= Nikasil =

Nickel-silicon alloy

Nikasil is a trademarked electrodeposited lipophilic nickel matrix silicon carbide coating for engine components, mainly piston engine cylinder liners.

==Development==
Nikasil was introduced by Mahle in 1967 and was initially developed to allow Wankel engine apex seals to work directly against the aluminum block. This coating allowed aluminum cylinders and pistons to work directly against each other with low wear and friction. Unlike other methods, including cast iron cylinder liners, Nikasil allowed very large cylinder bores with tight tolerances. This made it possible for existing engine designs to be expanded easily. The aluminum cylinders also gave a much better heat conductivity and lower friction than cast iron liners, an important attribute for a high-output engine. The coating was further developed as a replacement for hard-chrome plated cylinder bores for Mercury Marine Racing, and Kohler Engines, and as a repair replacement for factory-chromed snowmobiles, dirt bikes, ATVs, watercraft, and automotive V8 liners/bores.

Nikasil is short for nickel silicon carbide. Silicon carbide is a very hard ceramic (much harder than steel). To form Nikasil, small particles of silicon carbide are suspended in a solution of nickel; the nickel is electroplated onto a cylinder bore. As the nickel is deposited (by the electroplating), the nickel incorporates the particles of silicon carbide.

After the cylinders are plated, the Nikasil bores are diamond-honed to a plateau finish. Pistons will need to be fitted with Nikasil compatible piston rings as chrome rings commonly used with cast iron bores are not compatible.

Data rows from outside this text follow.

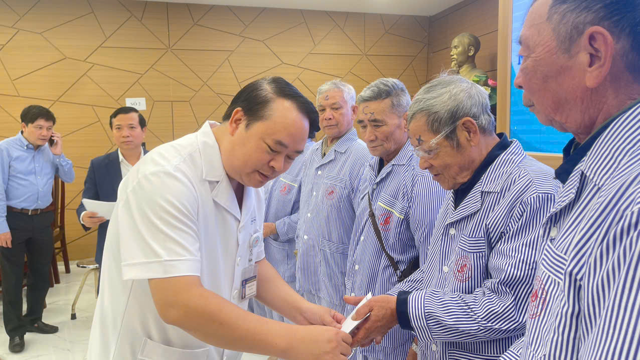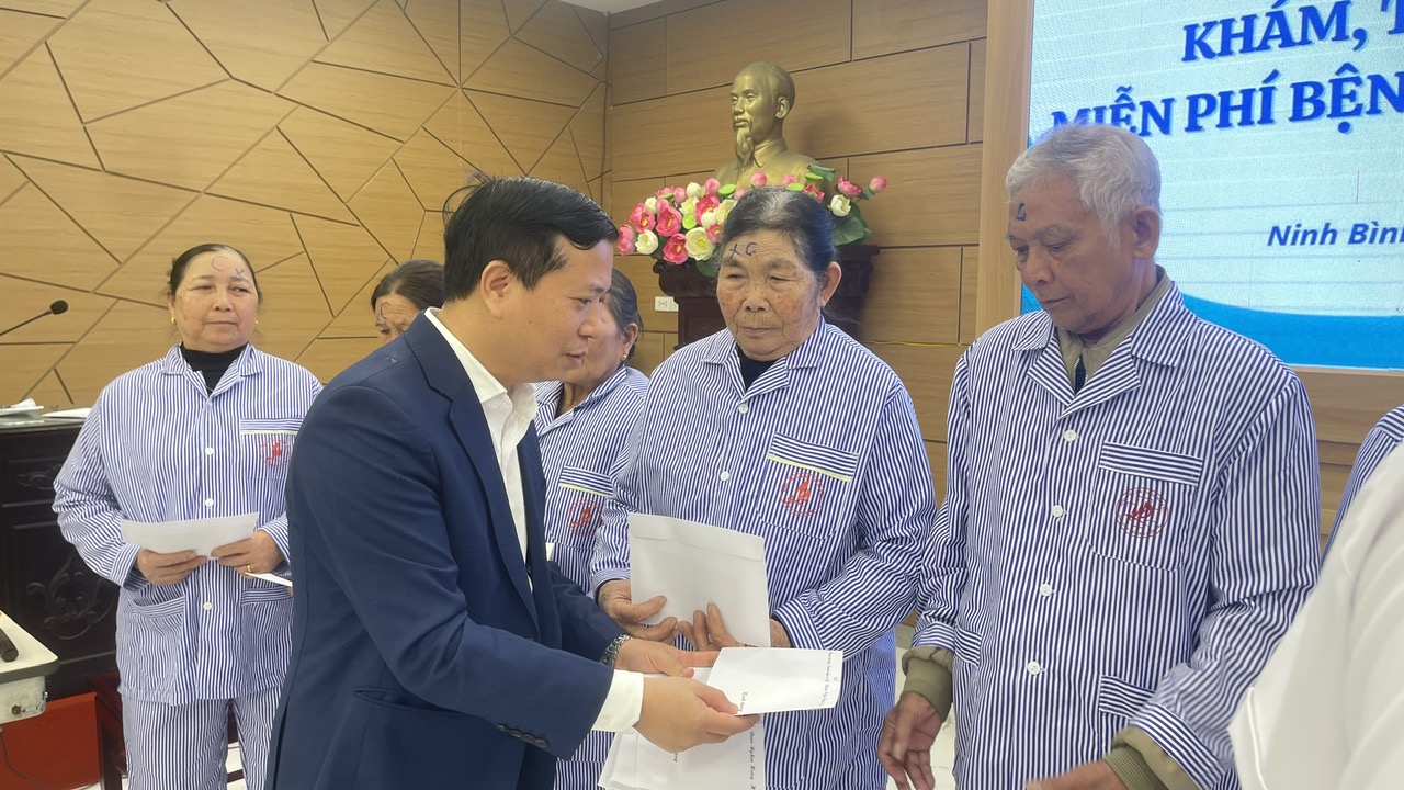 PGS. TS Phạm Ngọc Đông đã đến thăm, động viên bà con đến đăng ký khám mổ và đoàn cán bộ công tác đồng thời cùng với lãnh đạo bệnh viện Đa khoa Nam Định và Bs Nguyễn Hữu Chiến Phó chủ tịch Hội doanh nhân Nghĩa Hưng tại Hà Nội gửi tặng những xuất quà tới bà con nhân dân tới khám và phẫu thuật trong đợt này.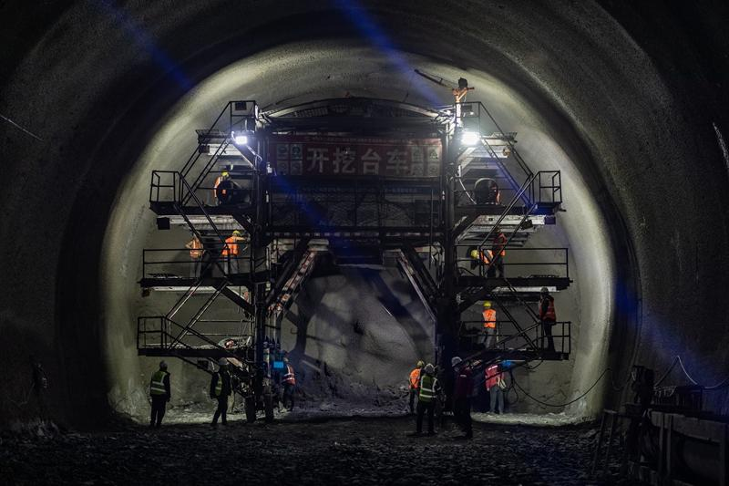 工人在西渝高鐵康渝段北屏隧道掌子面進行施工作業。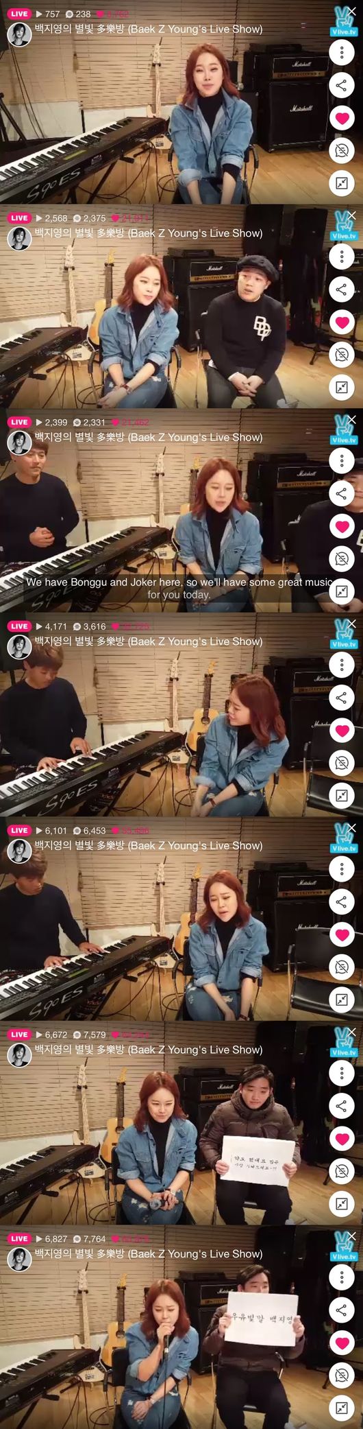 백지영은 네티즌의 신청곡을 받아 싱어송라이터 조커와 감성 남성듀오 길구봉구의 멤버 봉구와 함께 라이브로 들려줬다. 첫 곡은 ‘그 여자’의 듀엣 버전인 ‘그남자 그여자’였다. 백지영의 애절한 보이스와 봉구의 담백하면서도 담담한 화음에 네티즌은 실시간으로 열광했다.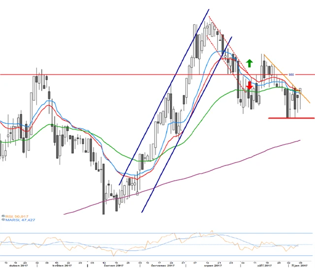 Cena akcií Komerční banky se již několikrát odrazila od supportu na 955. Cena se na konci týdne snažila vymanit ze sestupného kanálu (oranžová linie). Očekáváme snahu o posílení k rezistenci na 980. RSI je neutrální na hodnotách okolo 50, ale jeho klouzavý průměr má tendenci růst rychleji.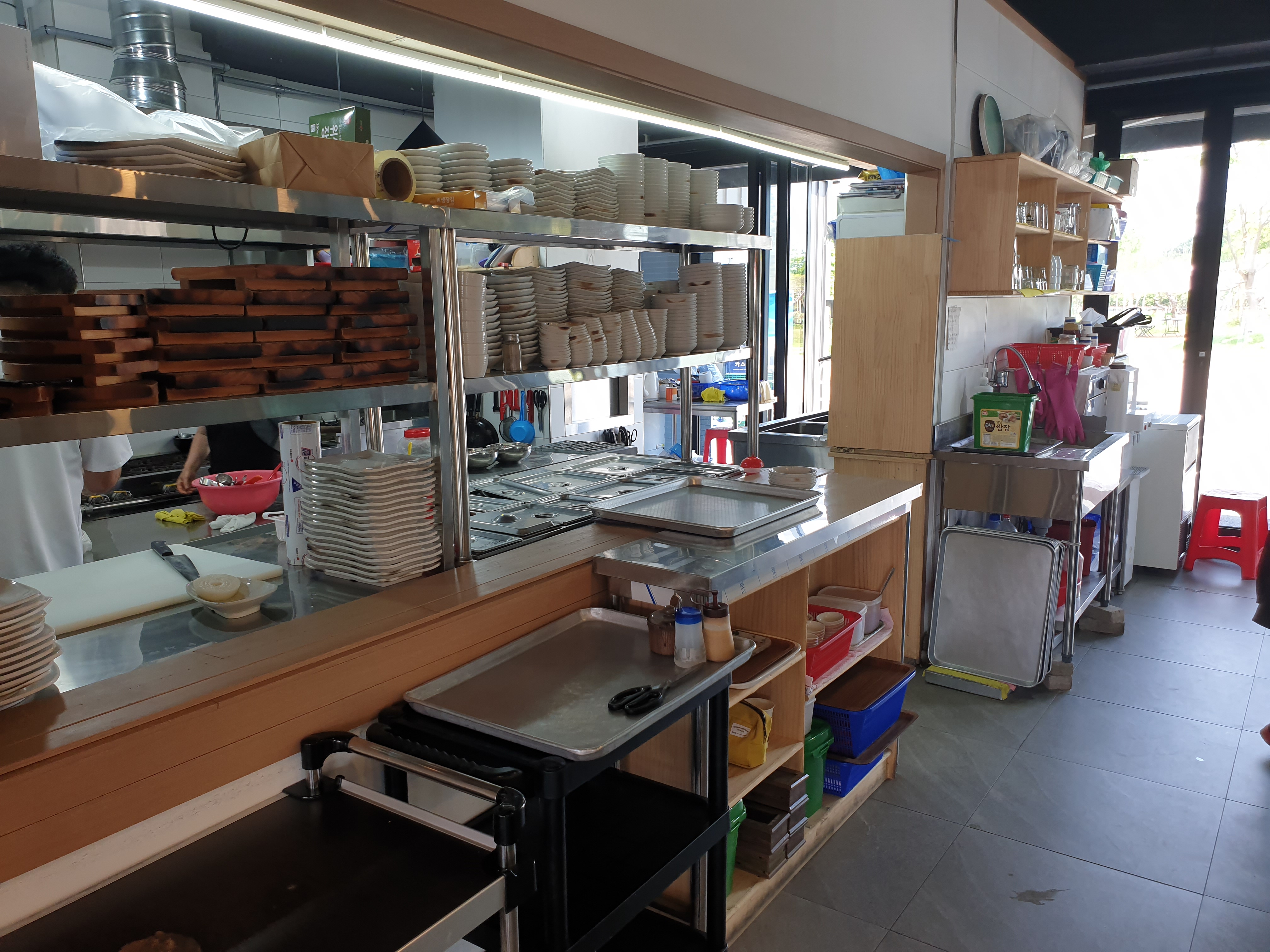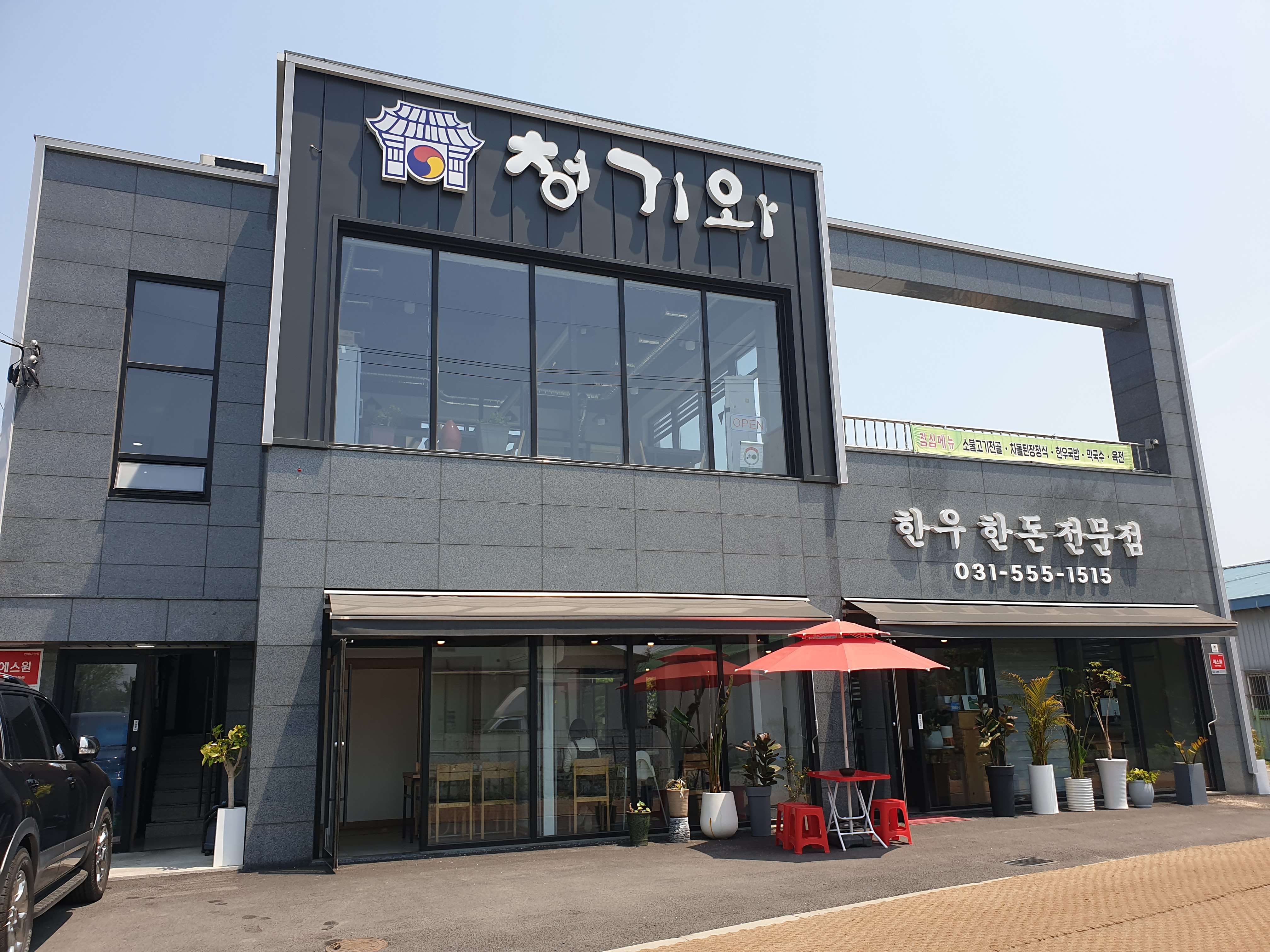 외관 뒤쪽에 주차장이 넓게 있습니다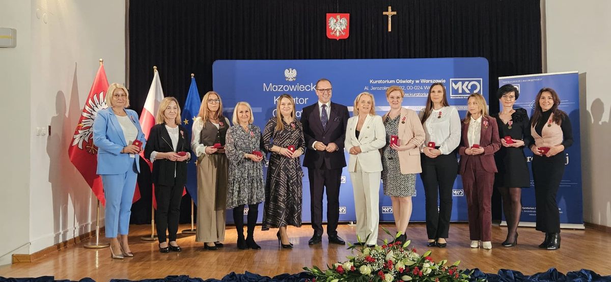 Podczas wydarzenia Mazowiecka Kurator Oświaty, Wioletta Krzyżanowska, uhonorowała nauczycieli i pracowników oświaty, wręczając Medale Komisji Edukacji Narodowej - jedno z najwyższych odznaczeń nadawanych przez Ministra Edukacji za szczególne zasługi dla rozwoju edukacji oraz wychowania młodego pokolenia.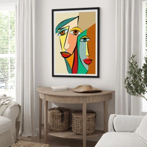 « Couple cubiste » est une affiche moderne représentant deux visages abstraits de style cubiste, inspirée de l'esthétique des maîtres de l'art abstrait. Des formes géométriques caractéristiques et des lignes dynamiques confèrent à l'image un caractère unique qui la distingue des œuvres classiques.
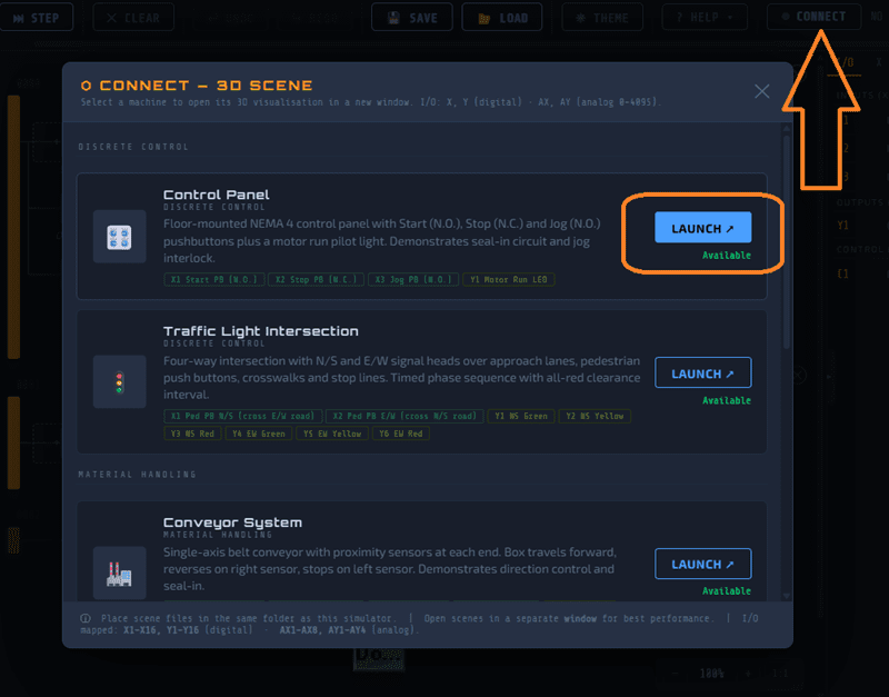 The simulator has more scenes coming — a Conveyor System, a Tank Fill Station, a Traffic Light Intersection, and a Pick & Place Palletizer are already available. More are in development. Each scene introduces different I/O patterns and control challenges.

Due to Nikasil's hardness, the resulting cylinder bores are usually long-lived with less cylinder wear than other types of cylinders. As Nikasil is extremely durable, cylinders do not need to be reworked as often as you would an iron or chrome cylinder, usually only requiring deglazing before re-ringing. However, if there is damage to the plating, the cylinder must be stripped before it can be bored and re-plated.

==Applications==
Porsche started using Nikasil on the 1970 917 race car, and later on the 1973 911 RS. Porsche also used it on production cars, but for a short time switched to Alusil due to cost savings for their base 911. Nikasil cylinders were always used for the 911 Turbo and RS models. Nikasil coated aluminium cylinders allowed Porsche to build air-cooled engines that had the highest specific output of any engine of their time.

Nikasil was very popular in the 1990s. It was used by companies such as BMW, Ducati, Jaguar and Moto Guzzi in their new engine families. However, the sulfur found in much of the world's low-quality gasoline caused some Nikasil cylinders to break down over time, causing costly engine failures. Porsche engines suffered from many issues caused by high sulfur content fuels.

Nikasil or similar coatings under other trademarks are also still widely used in racing engines, including those used in Formula One and ChampCar. Suzuki uses a nickel phosphorus-silicon-carbide proprietary coating trademarked SCEM (Suzuki Composite Electro-chemical Material) to maximize cylinder size and improve heat dissipation in the TU250X, Hayabusa, Honda NX250 Enduro and other motorcycles.

Radio-control glow-plug nitro engines commonly use a Nikasil coated sleeved cylinder and an aluminium alloy piston without any compression rings.